To obtain the critical values for a specific statistical test, we first need to know the type of the test used and the significance level. However, assuming the use of a two-tailed t-test with a significance level of 0.05, we can proceed as follows:
1. Identify the degrees of freedom for the t-test. For instance, if there are 10 observations, the degrees of freedom would be 9 as it is equal to the number of observations minus 1.
2. Identify the significance level. In our case, it's given to be 0.05.

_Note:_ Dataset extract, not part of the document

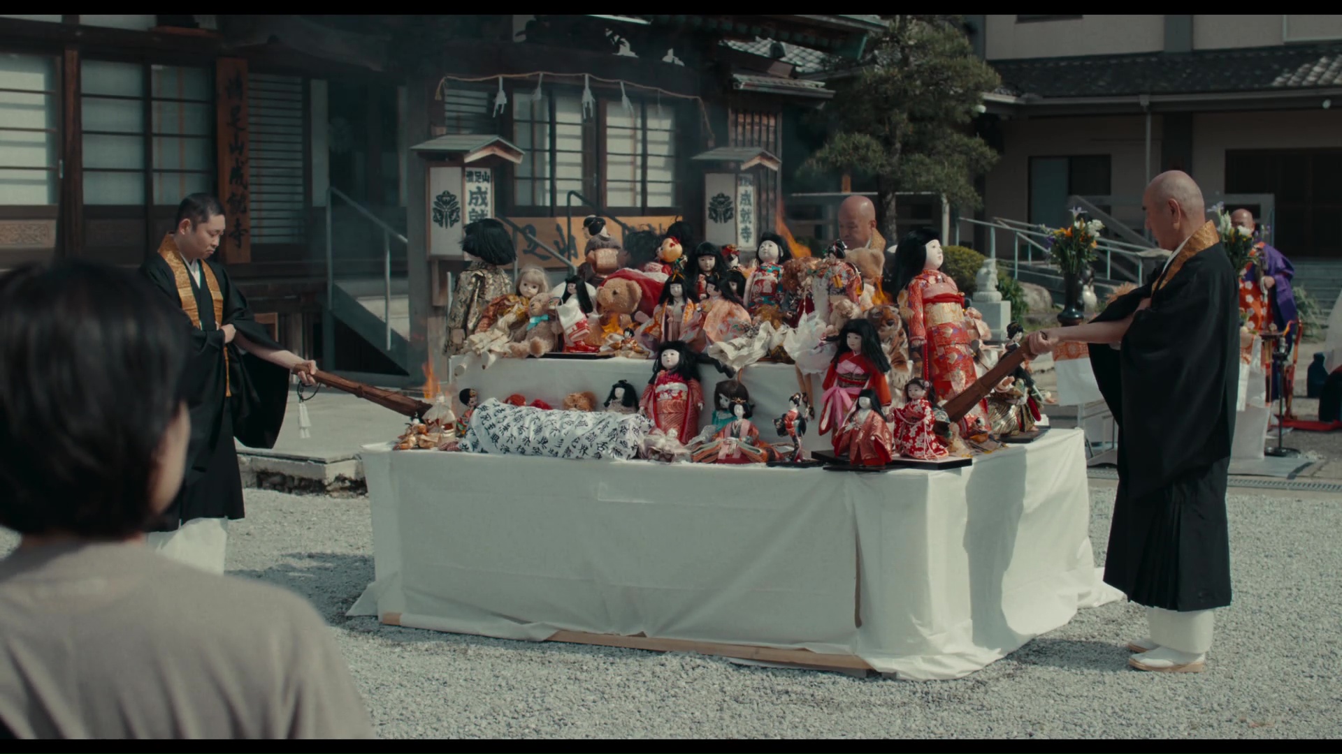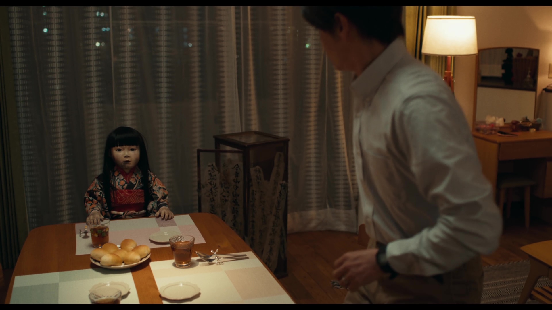 On pourra même dire sans trop forcer que la plupart de ses ressorts horrifiques, ils sont eux aussi peu originaux, déjà vu ailleurs. Mais purée, ça fonctionne. Déjà car Yaguchi, en faisant un film de genre, ne se contente pas seulement de placer jumpscares après jumpscares, d’ailleurs peu nombreux, mais écrit une vraie histoire, avec de vrais personnages travaillés, et surtout, met en place des thématiques lourdes. Le deuil notamment, évidemment, puisque Yoshie (Nagasawa Masami, vue dans I am a Hero ou encore Shin Ultraman), l’héroïne de notre film, et son mari, Tadahiko (Seto Koji, vu déjà chez Shimizu et chez Nakata, mais aussi dans l’univers étendu des films de Nakata avec les affreux Sadako 3D 1 et 2), perdent dès le début leur petite fille, et vont avoir bien du mal à s’en remettre, surtout Yoshie. Jusqu’au jour où elle va tomber sur une poupée et l’acheter. Avant même de faire débarquer l’horreur pure et dure dans le récit, le réalisateur place donc déjà une horreur réaliste (la perte de son enfant, dans une scène d’ouverture au final aussi magnifiquement réalisée que simpliste dans les faits) et des thèmes intéressants, comme la thérapie après cet événement par une poupée, que Yoshie adoptera en se comportant comme une mère envers la poupée. De quoi surmonter donc ses traumas. Mais lorsque le couple, qui retrouve enfin un peu de joie de vivre, voit un nouvel enfant naître, la poupée perd son utilité. Et elle ne l’entend pas forcément de cet œil-là. Et Dollhouse, la majeure partie du temps, est un film rondement mené, suggérant beaucoup avec peu de choses, et jouant avec tout ce que le genre a apporté pour être sûr de fonctionner sur l’amateur. Si bien qu’il y aura bien, même pour les plus gros consommateurs du genre, une ou deux bonnes surprises dans le métrage (pour moi, ce fut le premier retour de la poupée et ce mouvement de caméra habile révélant le grand tableau de la scène). Mieux encore, là aussi niveau horreur, le métrage abordera certains sujets assez rares au cinéma, et donc peu connus hors du Japon, comme cette cérémonie de crémation pour les poupées, comme un ultime signe de respect envers ses êtres inanimés qui ont partagé notre vie à un moment ou à un autre.

3. Given this is a two-tailed test, divide the significance level by 2. Therefore, the alpha value becomes 0.05/2 = 0.025.
4. To find the critical values, it's necessary to know they are the values such that the area under the t-distribution to the left of the lower critical value and to the right of the upper critical value equals alpha (0.025).
5. Compute these values using the inverse of the cumulative distribution function. You can use statistical tables or statistical software for doing this.
6. The lower critical value is calculated by finding the t-value that has an area to its left equal to alpha (0.025) on the t-distribution with the identified degrees of freedom.
7. The upper critical value is calculated by finding the t-value that leaves an area to its right equal to alpha (0.025) on the t-distribution with the identified degrees of freedom.
Remember, your critical values might be negative or positive depending on the t-distribution table or software you are using. These values then are utilized for hypothesis testing to decide whether to reject or fail to reject the null hypothesis.